- The paper presents LASER, a layer-selective rank reduction method that prunes up to 90% of weight components to enhance model reasoning.
- LASER applies singular value decomposition on specific Transformer layers, effectively denoising inputs and improving accuracy on less frequent data samples.
- Experiments confirm that LASER not only strengthens language understanding but also extends its benefits to reinforcement learning with minimal retraining.
Introduction
Transformer-based LLMs have ushered in a new era in machine learning. The Transformer architecture, initially developed for natural language processing tasks, has seen success in various other domains including computer vision and reinforcement learning. These LLMs are known for their extensive parameterization, which has historically been believed to be essential for their performance. However, researchers have discovered that significant pruning of these parameters can be performed without compromising the model's capabilities. This surprising resilience to parameter reduction has sparked interest in strategies that efficiently prune neural networks.
Layer-Selective Pruning
Recent research introduces a technique called LAyer SElective Rank reduction (LASER), which selectively removes higher-order components in the weight matrices of a trained Transformer model's specific layers. LASER operates via singular value decomposition (SVD), allowing for simplification of a model's weight matrices post-training without re-training or additional parameters. This intervention targets the weight matrices in the multi-layer perceptron (MLP) and self-attention layers of Transformer blocks. Remarkably, despite the drastic pruning, where over 90% of components can be removed, LLMs often display significant performance boosts on reasoning benchmarks. Interestingly, these boosts are not limited to language tasks, as performance gains are also observed in reinforcement learning.

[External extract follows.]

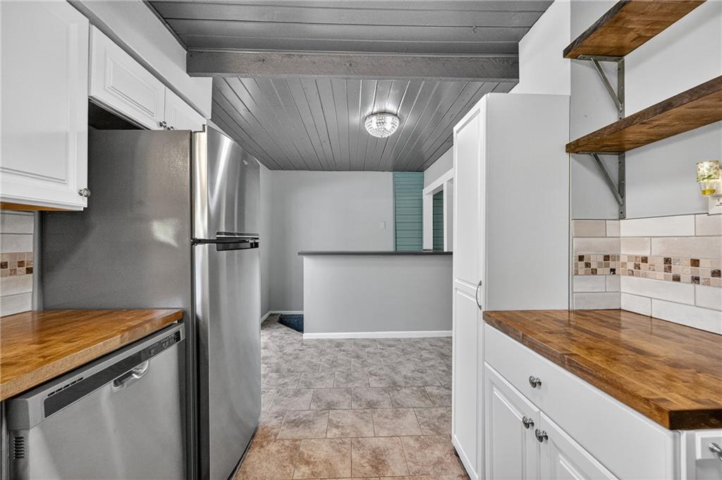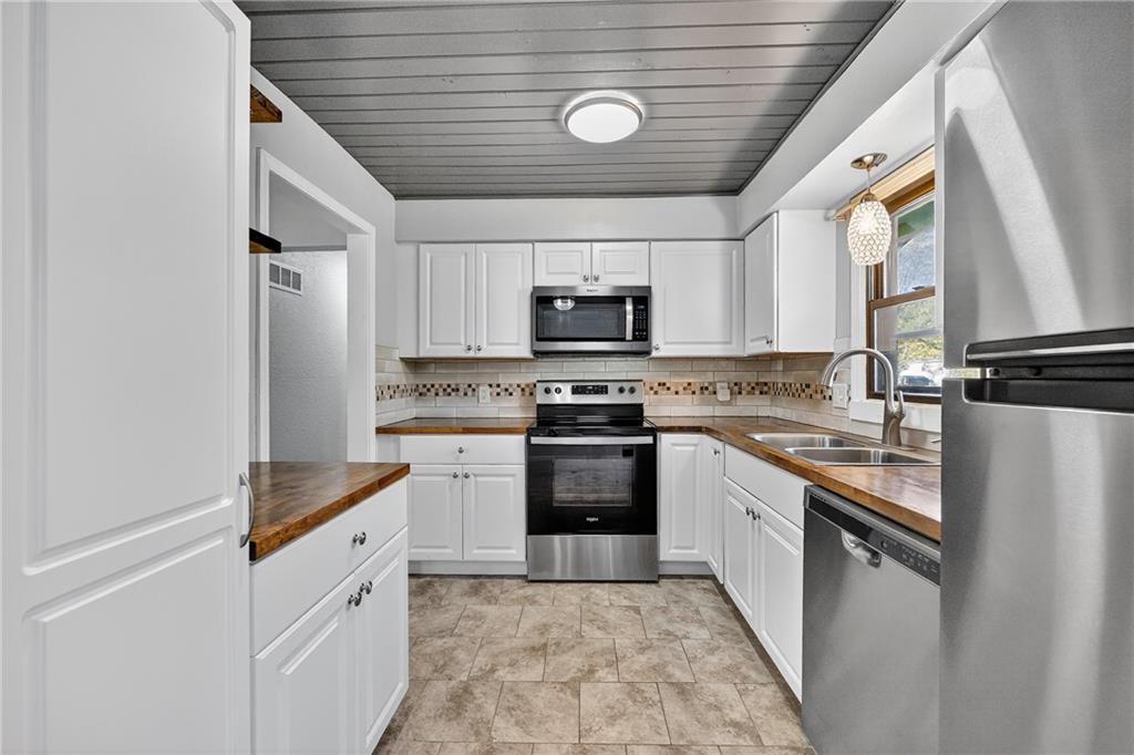 Welcome to this charming raised ranch offering a perfect blend of comfort, style, and privacy. Step inside to find a bright, inviting main level featuring a beautifully updated kitchen with warm butcher block countertops, sleek stainless steel appliances, and an adjoining dining area that opens to a spacious deck with built-in bench seating — ideal for entertaining or relaxing outdoors. This home includes three bedrooms and one and a half baths, providing plenty of space for everyday living. The finished walkout basement offers additional living space perfect for a family room, home office, or gym. Enjoy the convenience of a two-car garage tucked behind the home for added privacy and security. The fully fenced backyard backs to open space with no neighbors behind, creating a peaceful retreat right in the city. With a move-in-ready interior, stylish finishes, and a layout designed for both function and comfort, this home checks every box. All appliances, including the washer and dryer, stay with the property — making it truly turnkey.

Insights into LASER's Effectiveness
Experiments demonstrate that LASER's benefits predominantly manifest in samples less frequently represented in the training dataset. This suggests that the technique acts as a denoising procedure, making faintly learned facts more accessible. In addition, LASER can enhance a model's robustness to paraphrases on previously correct questions. Deepening the understanding of this phenomenon, researchers observe that after LASER, models that previously delivered high-frequency and generic responses start providing correct answers. Conversely, when looking only at the higher-order components that LASER eliminates, these often align with incorrect answers or high-frequency words. It appears that the noise from higher-order components, when combined with lower-order elements, produces an "average" answer that is more likely to be incorrect.
Broader Implications and Future Work
Extensive evaluation of LASER across several datasets and models confirms its general effectiveness in improving language understanding tasks. The researchers show that in most cases, enhancements are associated with reductions in the later layers of the model, especially in the MLP input layers. This pruning technique also shows potential outside textual domains, as demonstrated through its application to reinforcement learning agents in a decision-making task. However, the full potential and implications of LASER need further exploration, including understanding why higher-order components accumulate noisy answers and the specific conditions under which LASER excels. Moving forward, it is crucial to unravel the reasons behind the selective efficiency of layer-wise pruning and to explore broader applications and implications within various machine learning domains.